2025 Couldn’t Sustain Wolverine’s 2024 Success

Wolverine (Vol. 8)’s problems began from the start, and they didn’t get better in 2025. Writer Saladin Ahmed is obviously a fan of the character, but has failed completely at telling good stories with the character. It feels like a throwback for the character, but not in a good way. The sad part is all of the elements are there; Ahmed writes a pretty good Wolverine, as far as his individual voice goes, he gives readers action-packed stories, and so far the art by Martin Coccolo has been mostly good (you can tell when he’s close to deadline on issues, though), but the book just isn’t selling as well as before, nor is it actually connecting with Wolverine fans. Even the Wolverine subreddit is unhappy with it, which really says it all.

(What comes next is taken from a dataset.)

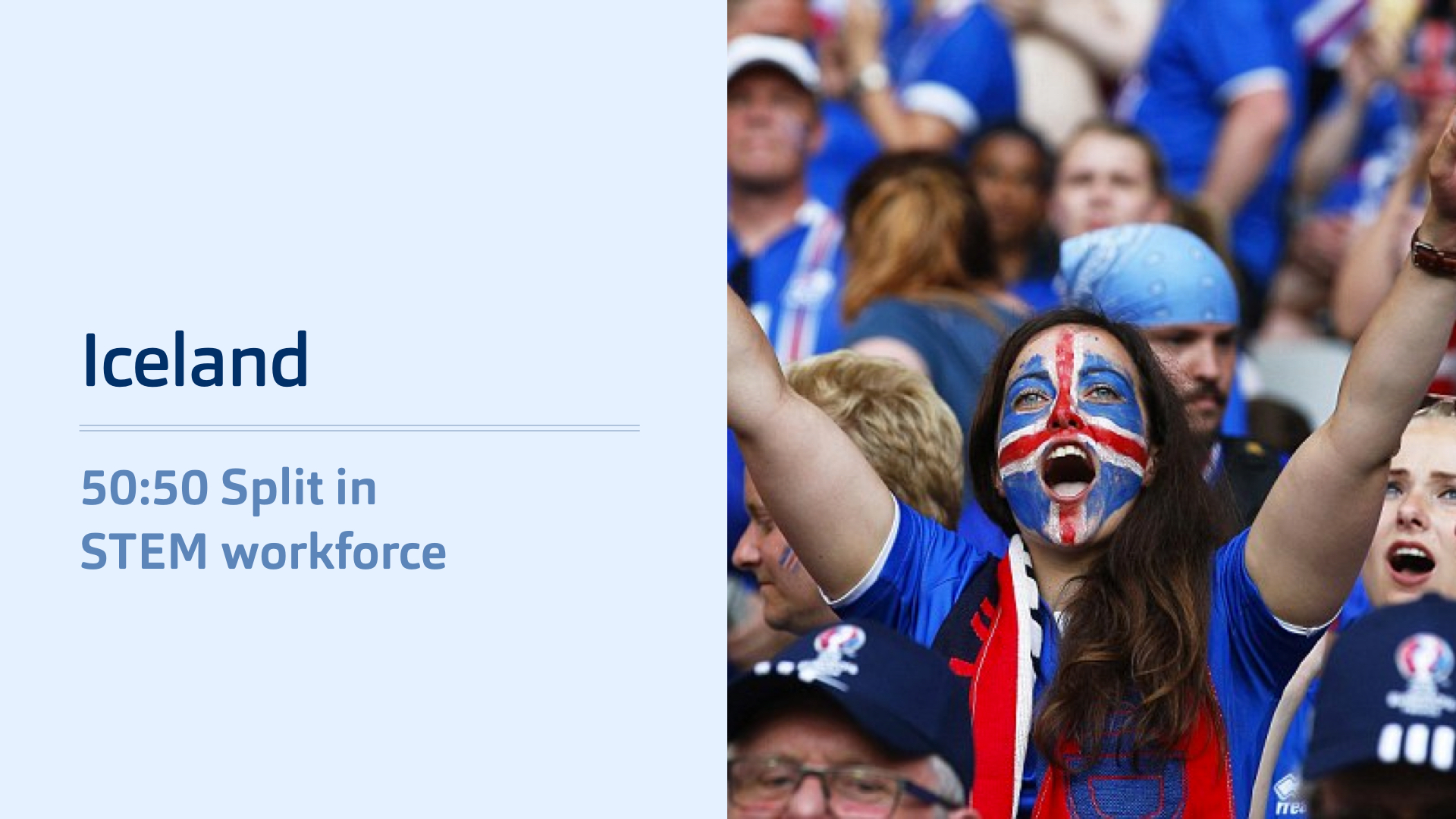 Iceland for example have managed to achieve a 50:50 split in their STEM (Science, Technology, Engineering and Mathematics) workforce. And there are similar figures starting to come out of the Eastern European states.

Meanwhile, Ultimate Wolverine has floundered after a promising start. Ultimate Wolverine is better than Wolverine, but it’s not by much honestly. This version of the character is following the same path that Wolverine has walked in numerous comics, being used as an assassin by the bad guys, fighting his mental programming, and then basically becoming the same kind of hero he is in the 616 universe. Writer Chris Condon has been playing it extremely safe with the character, and that has become a problem with most readers. While the art is fantastic (Alessandro Cappuccio is the book’s main artist, with Derek Lins and Domenico Carbone), the book is disappointing a lot of fans.